Pre 1900 - The earliest architects


Early St. Andrew's








I’m intentionally avoiding any reference to the origins of the game or the development of links golf which had more to do with finding holes and natural green sites. What I wanted to talk about in this series is the hand of man, where he made changes, what features he added and his eventual impact on architecture. The idea is to take a look at the good and the bad ideas that were introduced along the way and their overall impact on the architecture we have today. This by no means is intended to be definitive since I do not have the time or the resources to really be accurate enough – this is an opinion piece where I will try my best to show the development of golf course architecture.

For perspective, I will make quick mention of Tom Morris and the earliest designers of the late 1800’s who largely spent a single day on site laying out the entire course or making changes to the rudimentary courses that existed at the time. For the most part these architects went about finding natural green sites and linking holes from one great green site to another. The courses were full of blind shots, narrow fairways and were largely bordered by whins which while difficult were simply part of the game.
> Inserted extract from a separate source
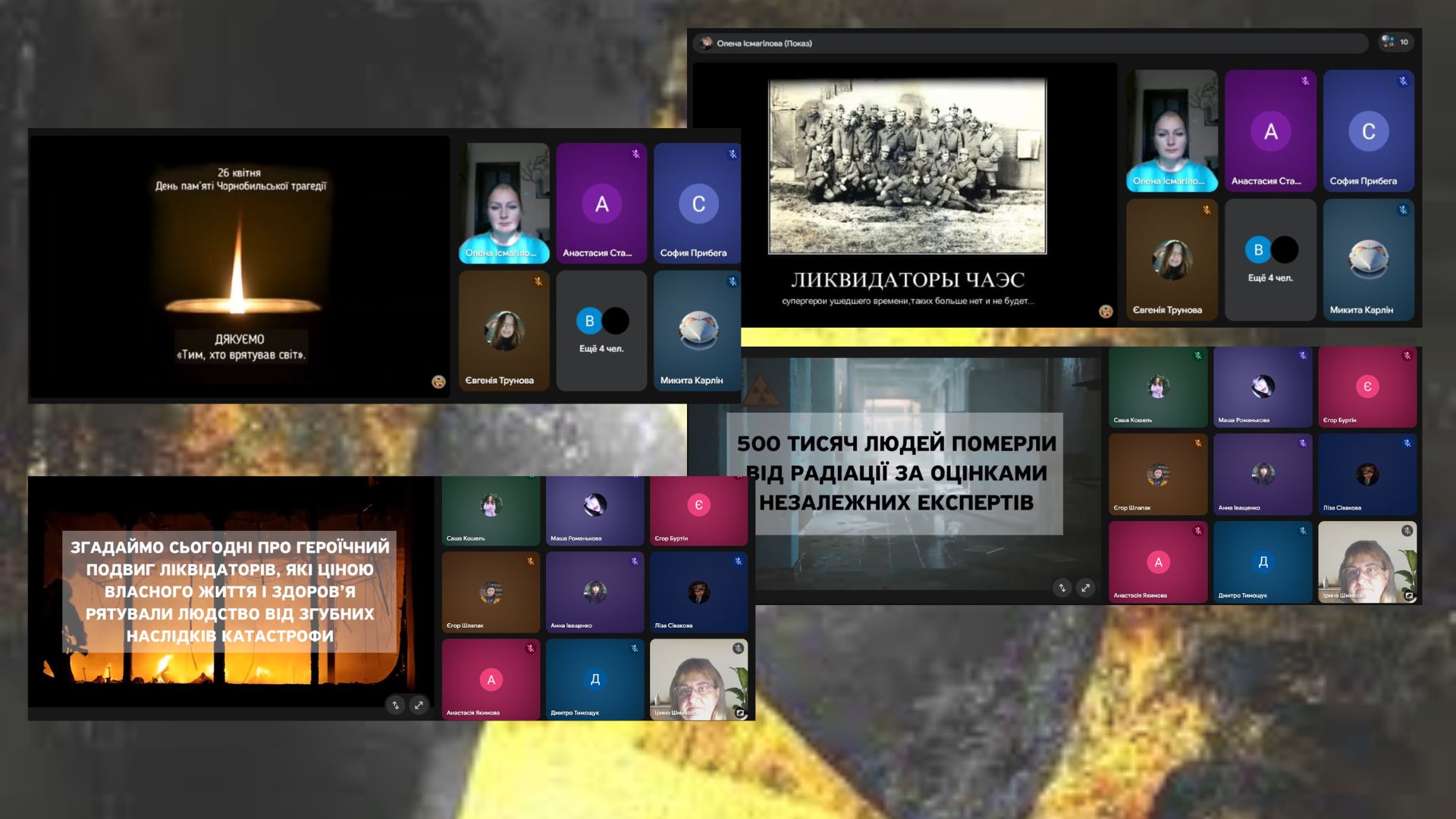 26 квітня 1986 року на Чорнобильській атомній електростанції стався вибух, який спричинив соціально-екологічну катастрофу глобальних масштабів. Ця катастрофа вважається найбільшою за всю історію ядерної енергетики як за кількістю загиблих і потерпілих від її наслідків людей, так і за економічним збитком: мільйони гектарів забруднених радіацією земель, лісів та водойм, втрата здоров’я сотень тисяч людей, чисельні людські жертви та зруйновані долі. Але Чорнобиль – не лише велика трагедія, а й символ безмежної мужності багатьох тисяч ліквідаторів наслідків аварії – пожежників, експлуатаційного персоналу ЧАЕС, військовослужбовців, будівельників, учених, медиків, робітників, які йшли на зустріч невідомій небезпеці, виявивши жертовність та високий патріотизм, зупиняючи ядерну катастрофу. Ризикуючи своїм життям та здоров’ям, вони виконали свій обов’язок і захистили людство від згубного впливу й подальшого розповсюдження радіації. Їхній подвиг назавжди увійшов до літопису мужності й патріотизму українського народу. У цей день в Білозерській загальноосвітній школі І-ІІІ ступенів №18 Білозерської міської ради проведені заходи на честь вшанування пам’яті ліквідаторів аварії на Чорнобильській АЕС: година обговорення «Міжнародний день жертв аварійних катастроф», урок-реквієм “Гірчить Чорнобиль крізь віки”.

Over time the courses were made easier through additional widening, or tougher through the introduction of created or formalized hazards. Professionals like Alan Robertson (the Old Course) and David Strath (North Berwick) were entrusted to make adjustments to the courses and thus became the earliest golf course architects – their work would eventually have a huge hand in the development of golf architecture. They began to build new greens and add hazards to influence play and make the courses more interesting – they ended up creating many of the earliest strategies like the Redan.
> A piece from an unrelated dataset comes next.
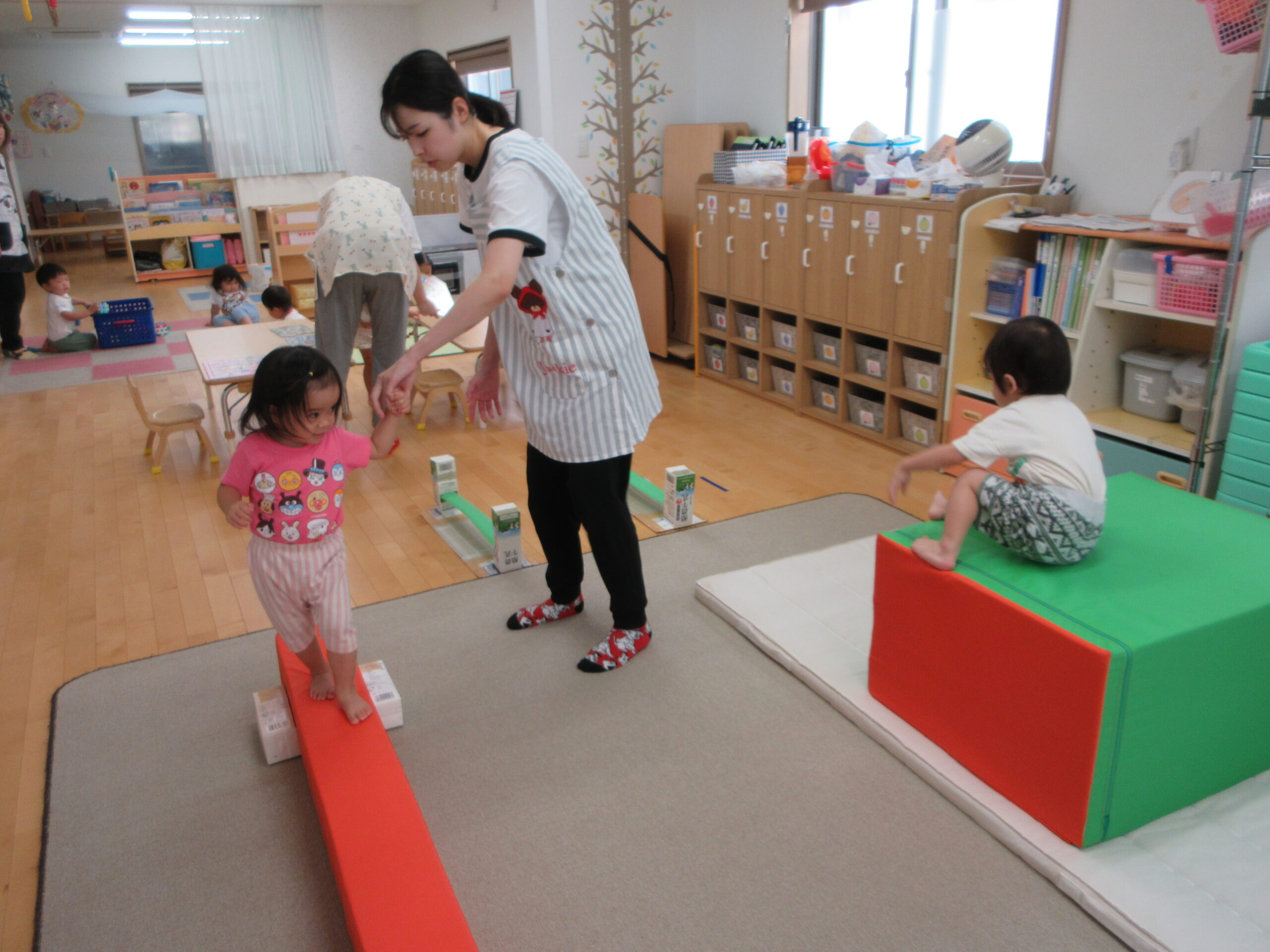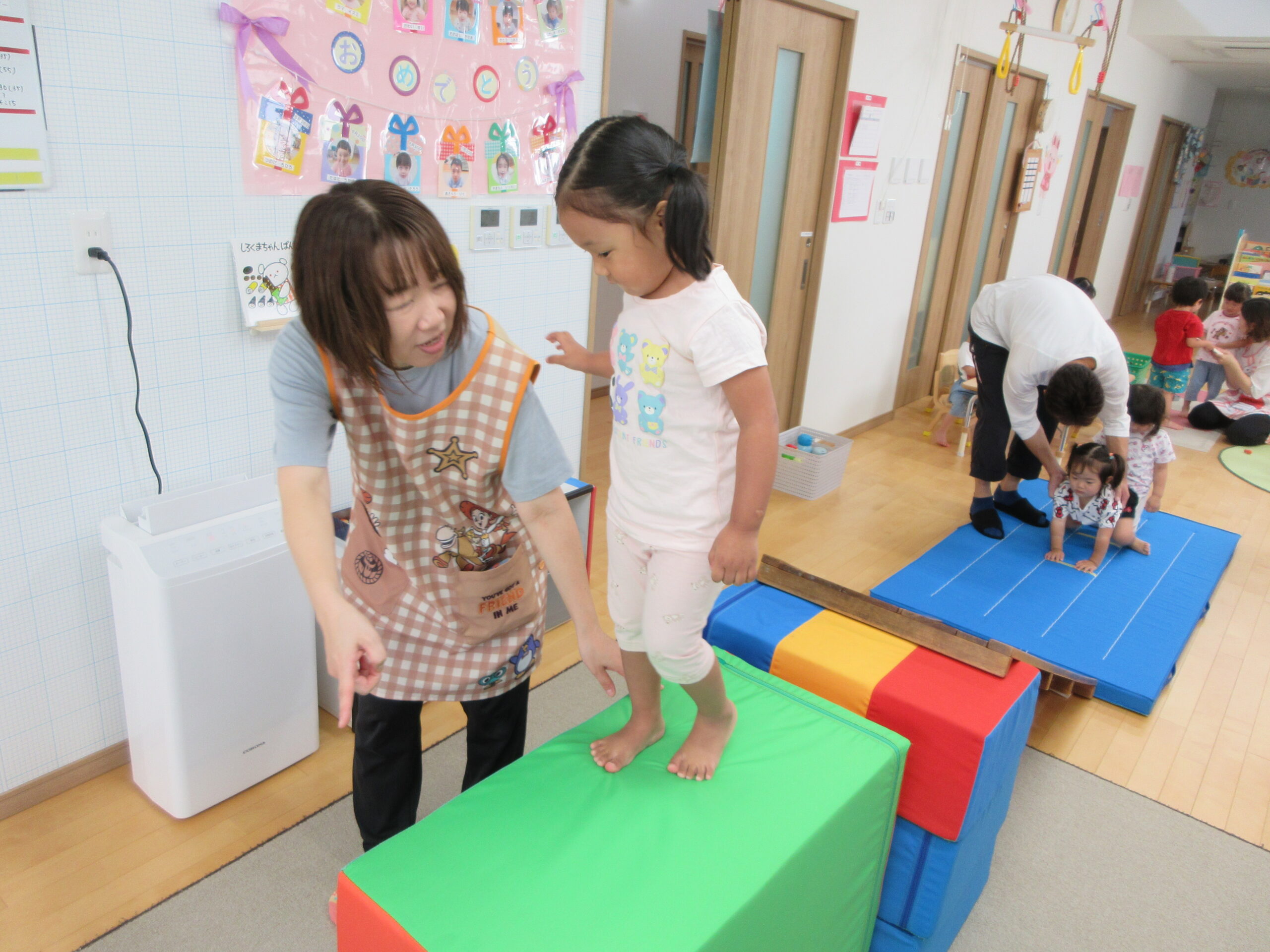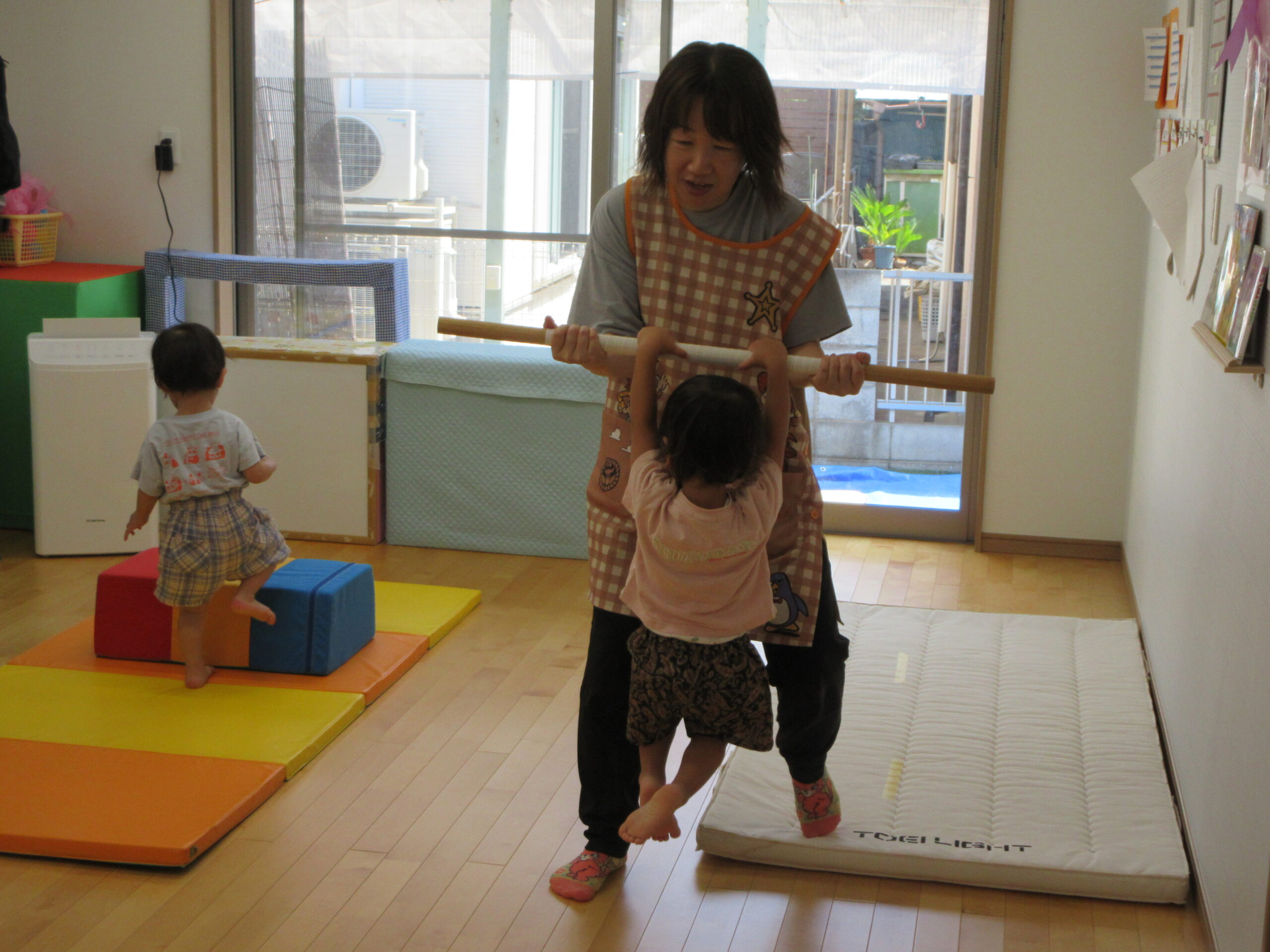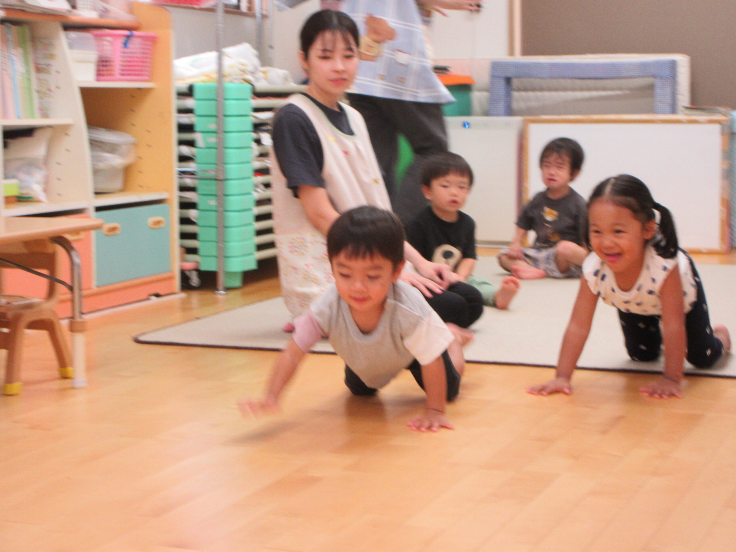 音楽に合わせて身体を動かしたり、はしごを渡ったり

The Redan before the turn of the century













At the same time there was another group of architects, like Willie Dunn, who were building manufactured courses that were far different from the links. They largely gave rise to the penal school of golf courses architecture and featured artificial landforms that were often geometric. They had a tendency to offer courses with steeple jump like hazards that had to be carried, and the architecture tended to tell you where not to go and what not to do. When compared to the open invitation to find the ideal route presented by the links, it is no wonder that Tom Simpson describe this as “the dark ages: “They failed to reproduce any of the feature sof the courses on which they were born and bred, or to realize the principles in which they were made. Their imagination took them no further than the conception of flat gun platform greens, invariable oblong, round or square, supported by railroad embankment sides or batters….The bunkers were constructed on the fairways way be described as rectangular ramparts of a peculiar obnoxious type, stretching at regular intervals across the golf course and having no architectural value whatsoever.”

A Willie Dunn bunker










The penal school’s influence was not all bad and the philosophy was carried through into a number of very famous layouts we revere today, but the early rudimentary geometric architecture was quickly replaced by a desire to have more natural looking features and an aesthetic which we also revere today.

Some key moments of the century included: St. Andrew’s changing the holes closest to the clubhouse leaving only 18 holes in 1764, Tom Morris introducing the idea of returning nines and the double loop at Muirfield, the subtle introduction of strategy into the links course through the placement of some of the earliest introduced hazards and formally planned greens.